International Journal of Scientific & Engineering Research, Volume 4, Issue 6, June-2013 178
ISSN 2229-5518
A Novel Cache Architecture For Multicore
Processor Using Vlsi
Sujitha .S, Anitha .N
Abstract— Memory cell design for cache memories is a major concern in current Microprocessors mainly due to its impact on energy consumption, area and access time. Cache memories dissipate an important amount of the energy budget in current microprocessors. An n-bit cache cell, namely macrocell, has been proposed. This cell combines SRAM and eDRAM technologies with the aim of reducing energy consumption while maintaining the performance. The proposed M-Cache is implemented in processor architecture and its performance is evaluated. The main objective of this project is to design a newly modified cache of Macrocell (4T cell).
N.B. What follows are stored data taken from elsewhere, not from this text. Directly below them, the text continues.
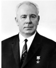
Николай Викторович Подгорный (1903 – 1983 гг.) Председатель Президиума Верховного Совета СССР (1965 – 1977 гг.)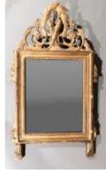
Lot n°326 Miroir à fronton ajouré en bois sculpté et doré à...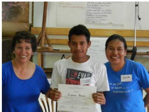
CDC 1 Oral, Guaranis - Misiones, Argentina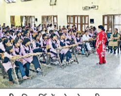
रेवाड़ी। विद्यार्थियों को स्टैम की जानकारी देती सुरवाइजर।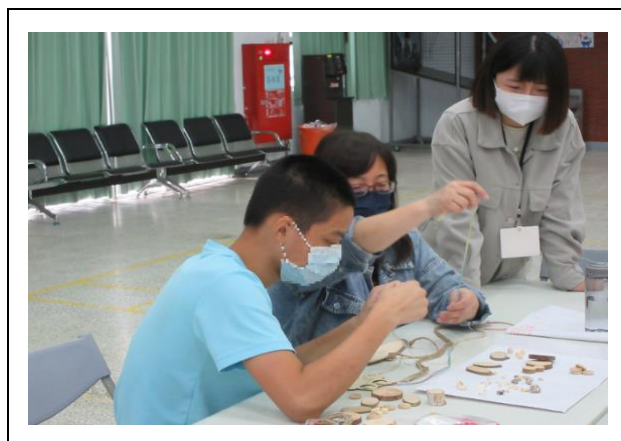
學生與重要他人一同創作

The speed of these cells is comparable to the speed of 6T SRAM cells. The performance of the processor architecture including this modified-cache is better than the conventional Macrocell cache design. Further this Modified Macrocell is implemented in Mobile processor architecture and compared with the conventional memory. Also a newly designed Femtocell is compared with both the macrocell and Modified m-cache cell.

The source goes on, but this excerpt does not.